Sussex MSK Partnership Bexhill on Sea, United Kingdom
Louise parker1, Diana Finney2, Julie Begum3, Triish Cornell4, Sarah Ryan5, Lisa Howie6, Helen Smith7, Ruth Wyllie8 and Polly Livermore9, 1Royal College of Nursing, London, United Kingdom, 2Sussex MSK Partnership, Bexhill on Sea, United Kingdom, 3Luton and Dunstable University Hospitals NHS Trust, Luton, United Kingdom, 4r, Poole Hospital NHS Foundation Trust, Poole, England, United Kingdom, 5Keele University, Midlands Partnership NHS Foundation Trust, Keele, United Kingdom, 6Swansea Bay University Health Board, Swansea, Wales, United Kingdom, 7University Hospitals NHS Foundation Trust, Brighton, United Kingdom, 8Newcastle Upon Tyne NHS Foundation Trust, Newcastle upon Tyne, United Kingdom, 9Great Ormond Street Hospital, London, United Kingdom
Background/Purpose: The role of the Rheumatology Nurse Specialist is a complex one, with wide variation in titles, practice and responsibility ,world wide. Therefore, in the united Kingdom, the Royal College of Nursing (RCN) Rheumatology Forum developed a Competency Framework for Rheumatology Nurses, which was published in March 2020. The competency aims to support personal development plans, continuing professional development and career progression for rheumatology nurses to advance practice acting as a benchmarking tool, providing a framework to support succession planning and service development, forming a base for an international standard curriculum for training. Following its launch, we carried out an evaluation of rheumatology nurses views of the competency, and identified benefits limitations, and any recommendations.
Methods: We used a sequential research design utilising a questionnaire circulated form 13th March to 25th April 2021 followed by semi-structured interviews between May 2021 and August 2021.
Results: 106 people responded to the survey, 99(93%) working as adult rheumatology nurses there were 55(52%) band 7 nurses and a wide range of job titles. Most nurses, 93(87%) had academic qualification at degree or Masters level. Most respondents77(73%) were from England. 74(70%) found out about the competency via the RCN Rheumatology Nurse Forum page or via the British Society for Rheumatology website (35%). Most (71%) respondents had been in their present role for 5 years or more, and 53(50%) nurses had been on their role for more than 10 years. When asked whether they had used the competency framework in their practice; 57(54%) said they had. Reasons for using it were; to provide a framework for learning, to use as a benchmarking tool, for CPD, for teaching, to demonstrate skills and knowledge , when managing others, to show managers how their role can develop. Redeployment due to COVID 19 and work force issues were the main reason why the competency was not implemented fully. However using it with new staff was cited as beneficial. Free text comments described very good detail and identification of learning needs giving good understanding of the underpinning knowledge. 15 nurses responded for interviews and 14 were conducted. The average length of the interview was 12 minutes totalling 171 minutes. We asked why they used they used the competency, for any potential strengths or limitations, how much time it took to complete, and if they would use it again, improvement suggestions. if they would recommend it to others, and whether it was easy to locate. People said a paediatric rheumatology module and an accessible course focussed on leadership is needed. When asked to summarise the competency in 5 words. One said it was "a reliable tool to improve quality of care and set standards for Rheumatology Nurses.

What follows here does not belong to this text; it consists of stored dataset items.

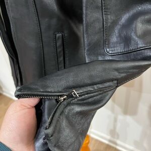 Discover timeless elegance with this classic black leather jacket. Perfect for adding a touch of sophistication to any outfit.
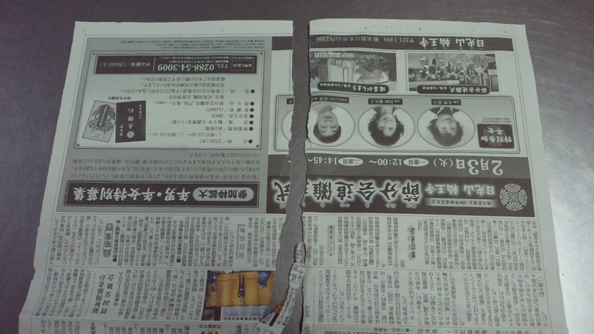 本日は久々に真剣の切れ味を試したく、新聞紙斬りを行ないました。
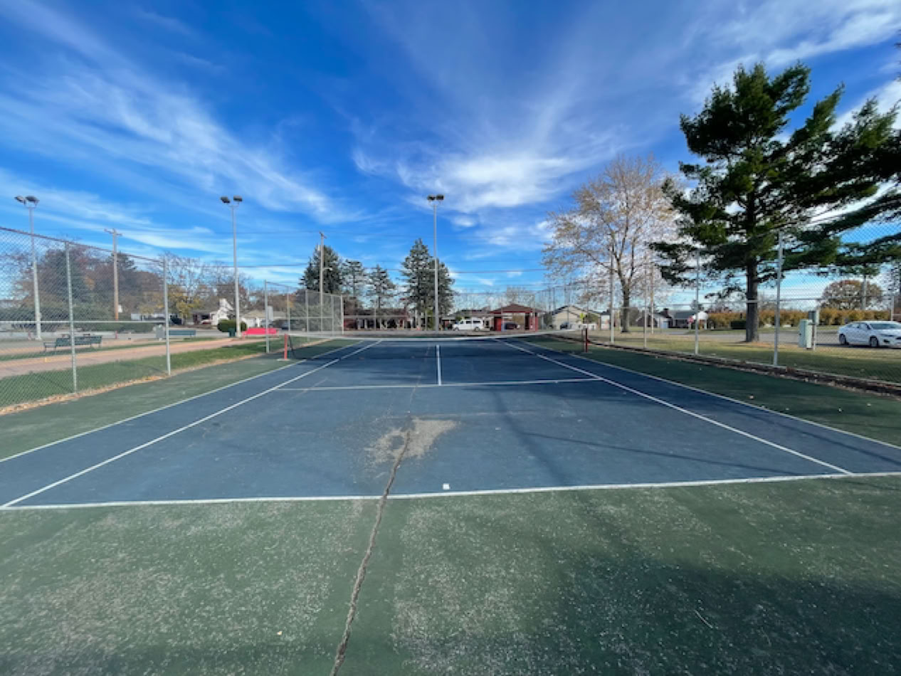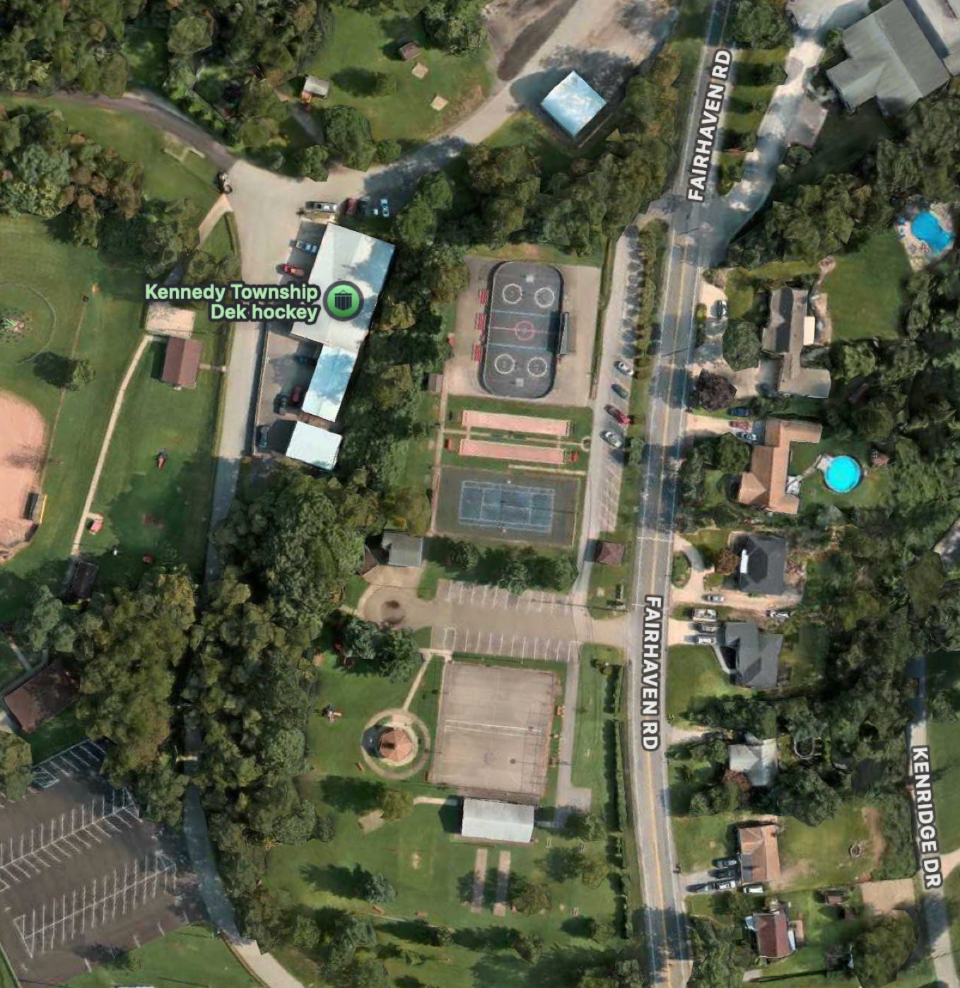 Also known as Kennedy Township Dek hockey. A total wreck of a tennis court. Very nice probably back in its day, it is in desperate need of a redo. Potentially could do some practice on it but the net is sagging low and looks unfixable. One interest feature is right next door is TWO bocce courts. Don't see THAT every day. Also, the sign is a bit humorous seeing that there is a hockey net anchored in the back of one of the backcourts.
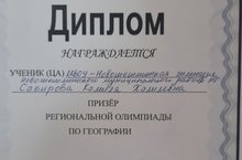 Призер Региональной олимпиады по географии 22.12.2020 25 ноября 2020 года на базе Набережночелнинского государственного педагогического университета прошла региональная олимпиада по географии с использованием дистанционных технологий. Честь нашего района защищала Сабирова Камиля, учащаяся 11 класса МБОУ "Новошешминская гимназия". По итогам участия в данной олимпиаде она стала призерам и награждена Дипломом. Подготовившаяся к олимпиаде учитель Рамазанова Г.И. была награждена Благодарственным письмом за подготовку призера. Поздравляем с победой и желаем дальнейших успехов!
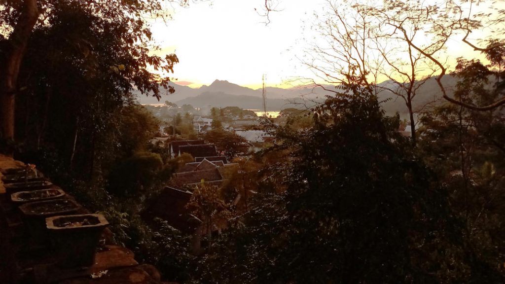 Unser Tuk Tuk-Fahrer brachte uns wieder zurück in die Stadt. In einer coolen Kneipe erfrischten wir uns noch etwas, bevor wir die vielen Stufen zum Berg Phosi und dem Tempel darauf hinauf stiegen. Die Aussicht dort oben ist wirklich atemberaubend über ganz Luang Prabang und den Mekong. Gerade noch vor Einbruch der Dämmerung geschafft.
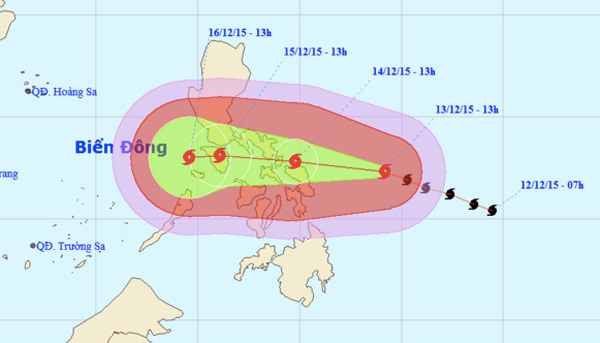 Một cơn bão rất mạnh đang hoạt động trên vùng biển phía Đông miền Trung Philippines với sức gió cấp 13, giật cấp 16-17.
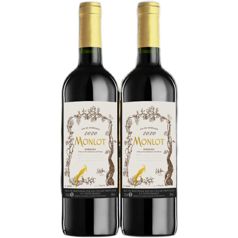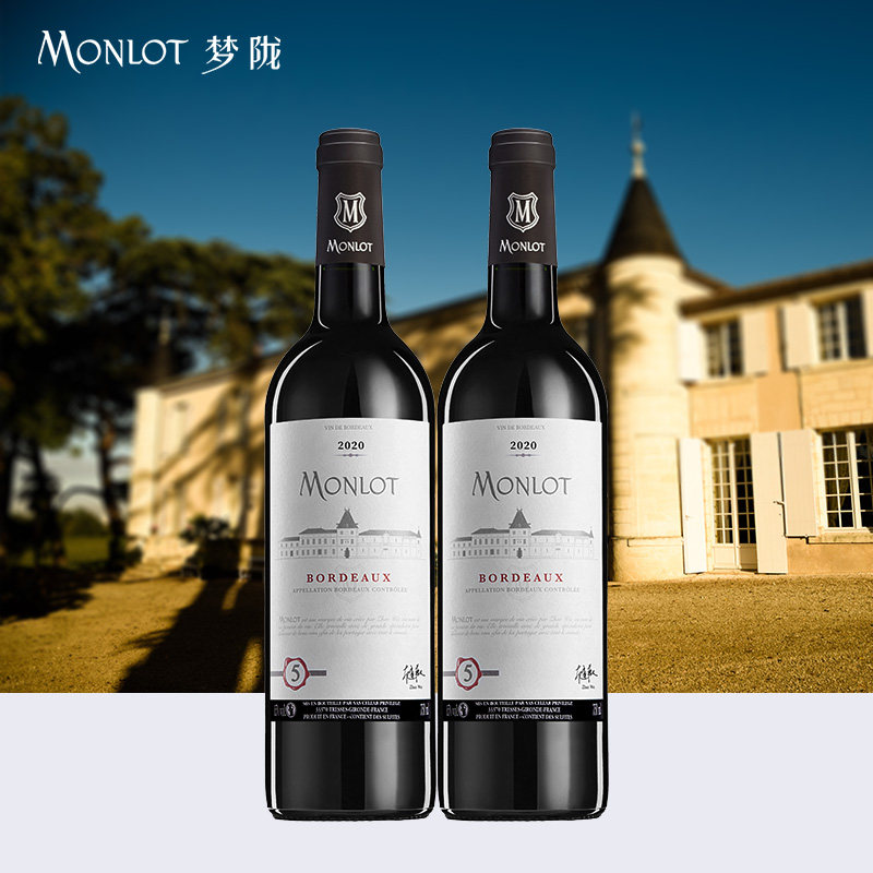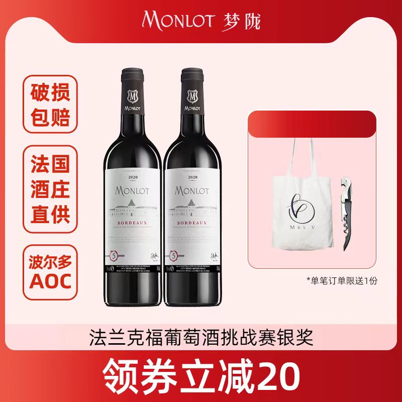 梦陇红酒法国原瓶进口干红2020波尔多经典葡萄酒双支
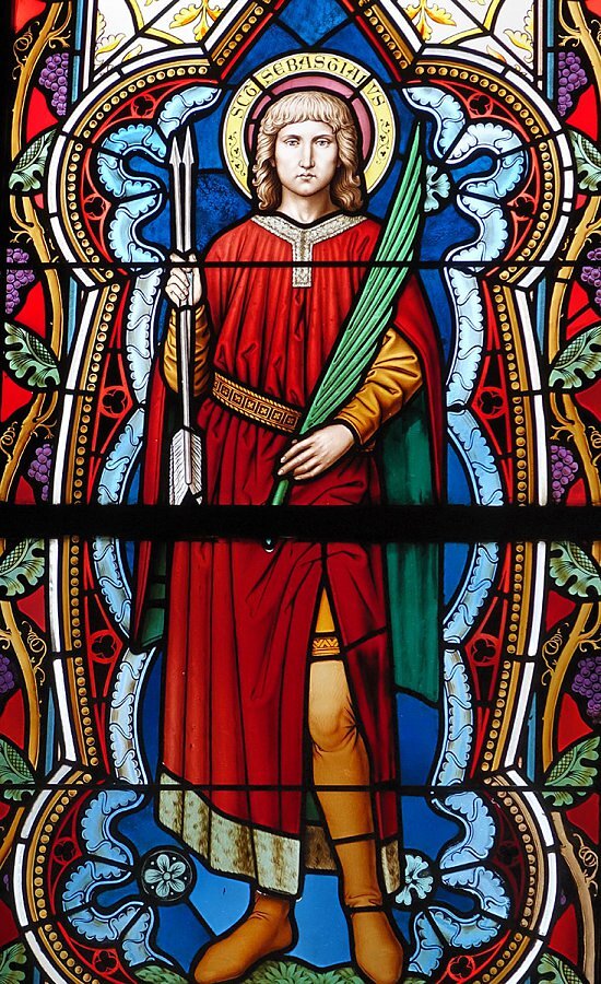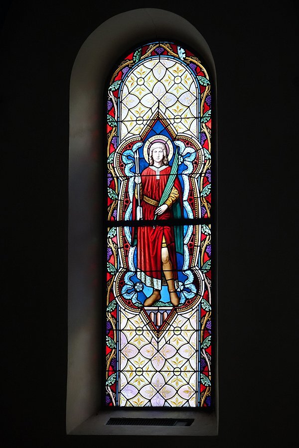 Warth, Pfarrkirche Hl. Sebastian, Chorfenster: St. Sebastianus mit Pfeilen und Palmzweig als Zeichen seines Martyriums, 1895, Tiroler Glasmalerei

Conclusion: The competency was well received as a strengthening resource for UK Rheumatology Nurses. We recommend that these competencies are universally adopted. Further dissemination is required and education needs must be addressed. A development framework is planned. Further analysis will be published later in 2022 with a review of the competency due in 2023.
Disclosures: L. parker, None; D. Finney, Galapagos; J. Begum, None; T. Cornell, AbbVie/Abbott; S. Ryan, None; L. Howie, None; H. Smith, AbbVie/Abbott; R. Wyllie, None; P. Livermore, Part funded by the National Institute of Research GOSH BRC.